Alternatively, they can just leave the waste around their homes, as it's an easier solution for many who are just focused on getting by. Not to mention, there’s currently no way to get trash OFF the island, as moving the waste is too costly given its far distance from any mainland. 

Passing the landfill and listening to Sumana talk us through the struggle, it was hard not to get emotional. We pulled up to Positive Change For Marine Life’s home base, located in a facility that tries to find use cases for the soft and hard plastics. Run by a man named Richard (affectionately known as “Ricky Boy” to those who know him), we had the distinct pleasure of seeing how the facility runs under his watch. 

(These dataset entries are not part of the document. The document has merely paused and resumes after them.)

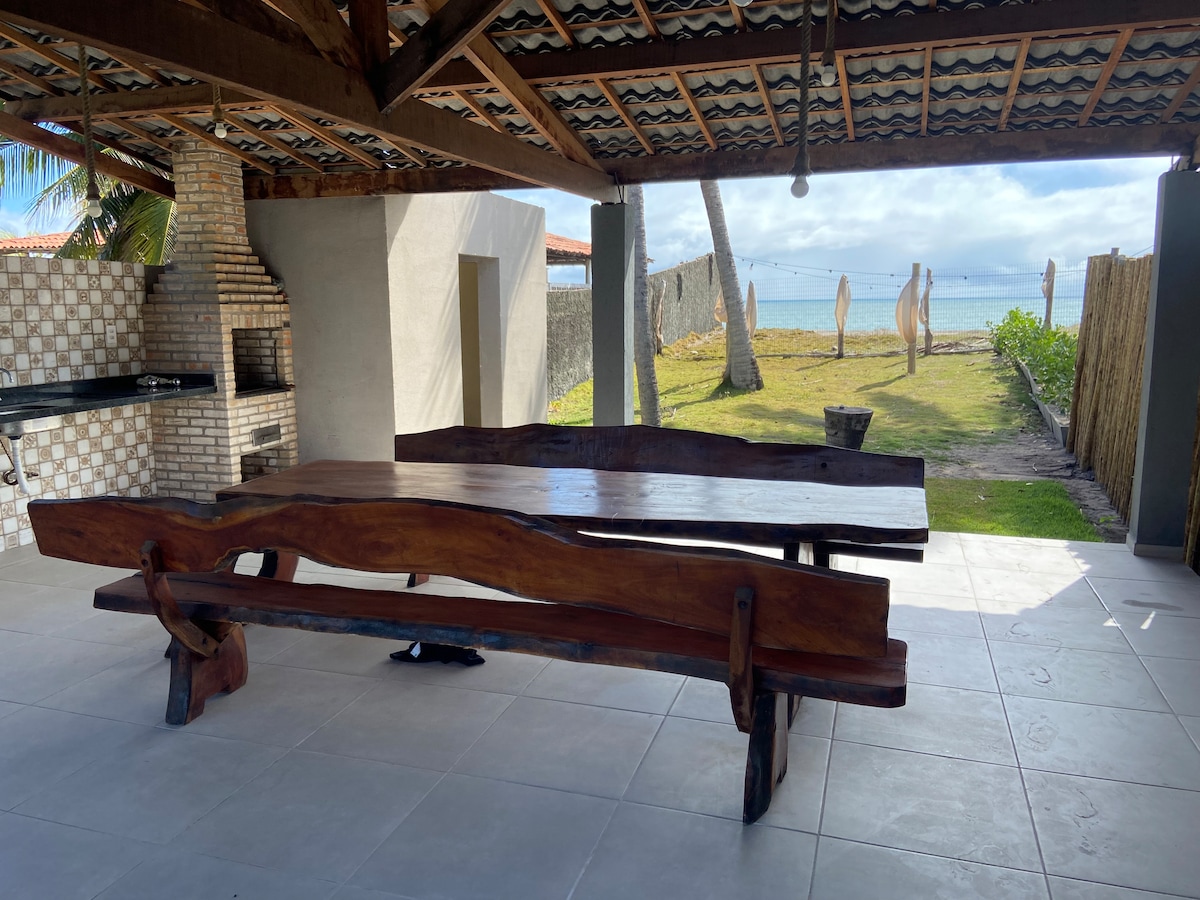 O bangalô 128 é um espaço rústico, tranquilo e arborizado, com um toque praieiro, ideal para passar dias de descanso em família. A área gourmet é ampla e dispõe de mesa para 10 pessoas, cervejeira, churrasqueira, forno de pizza e redes. Está em uma localização privilegiada, perto da piscina e do acesso ao mar! O condomínio tem uma ótima estrutura de lazer para crianças (campo, fazendinha, piscina ampla, quadra de vôlei e beach tênis) e acesso direto à praia, além de segurança e portaria 24hrs.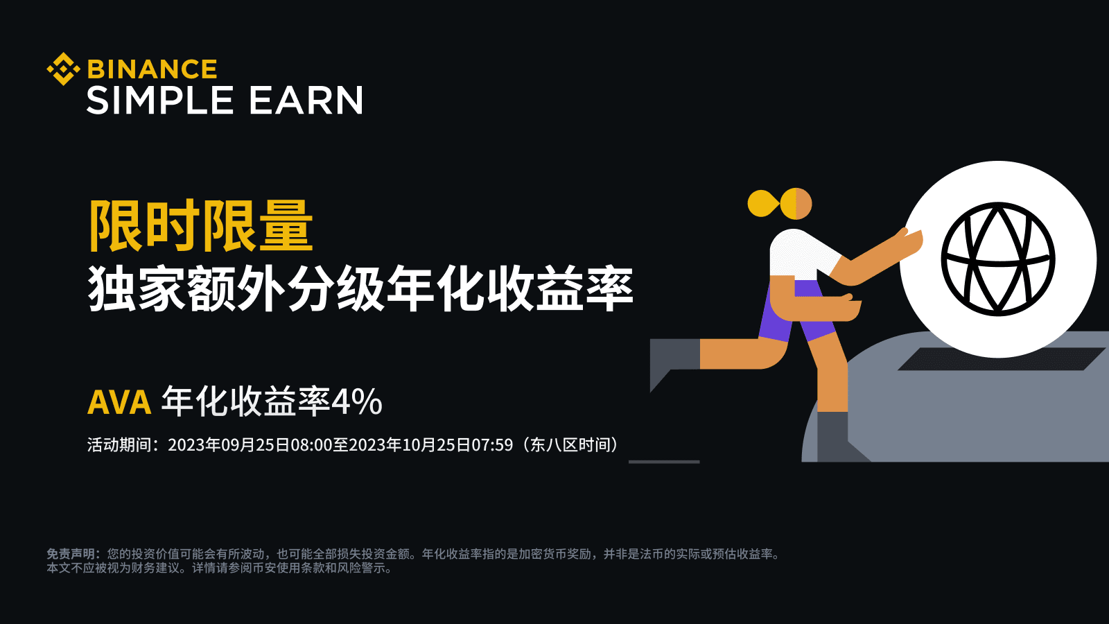 幣安賺幣平臺將推出AVA活期產品活動!在活動期間申購AVA賺幣活期產品,除了可獲得實時年化收益之外,還可享受4%獨家額外分級年化收益。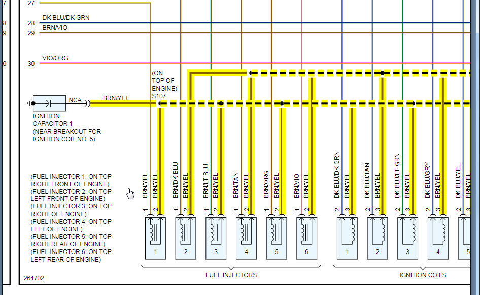 If you do have power to the injectors then your issue is with the PCM either not commanding the coils on or something telling the PCM not to turn them on.

The women bring the plastics onsite each Thursday. Then, the bags of waste are weighed, sorted and cleaned. Some plastics get stored in the facility as there’s no other place to put it. Or it's given to another women’s group that up-cycles the plastics into crafts that are sold back into the community. Or lastly, handed off to Ricky Boy and his team. 

Ricky Boy operates two machines—the crusher and the shredder. The crusher takes predominantly soft drink cans and presses them into long bricks, while the shredder tackles all kinds of plastic bottles. But, there’s nowhere for these bricks and shreds to go, so the team is constantly thinking of ways to reuse the materials they have on site. Positive Change for Marine Life is working on a long-term plan to use the bricks and hard plastic materials stored at the facility to build a larger Marine Conservation Center on Gizo Island.

From creating new building materials to concocting new business ventures to get the community more involved in waste management, this is how Ricky Boy and his trusted team of two spend their free time. One of his workers, Reggie, is a 70-year old who works harder than most people we’ve met. You could sense his level of commitment, even in just a brief meeting. There’s no shortage of workers like Reggie in Gizo. But when it comes to waste management, there's a shortage of capital to be earned. And that’s the fundamental issue. 

Ricky Boy said it often feels like an uphill battle when it comes to the waste problem here. But his team, Positive Change For Marine Life, Danny and Kerrie—they are all integral parts in keeping Gizo a thriving home for themselves, and an enchanting destination for others to explore. Each doing their part on this small slice of paradise, with the skills, tools, knowledge and desire that they all collectively have. 

Without each of these teams playing their part, it’s uncertain what Gizo’s fate would be today.  

There was a stadium-sized church situated right next to our base camp. On Sundays, the entire community sings soulful gospel songs from morning to night there. The people of Gizo will rally around things they believe in. And that’s what’s happening when it comes to their land and sea. People are catching on to the importance of the island's natural resources; they’re whole-heartedly and optimistically putting their minds together to come up with ways to contribute.

Watching each exceptional person we met on this tiny island do their part, made us want to do more. From choosing the right local operators to volunteering time when exploring a new place—these are all things that ladder back to conscious, sustainable and ultimately the most fulfilling traveling. It's up to all of us to think about our consumption, our usage, and our way of life. Where we are doing well and where we can make even the slightest changes. 

For those of you looking for a one-of-a-kind, life changing experience in the remote wild, we sincerely hope you find your way to Gizo. Call Kerrie, as she’ll make sure you have the best island lunches and that you feel right at home on the edges of earth.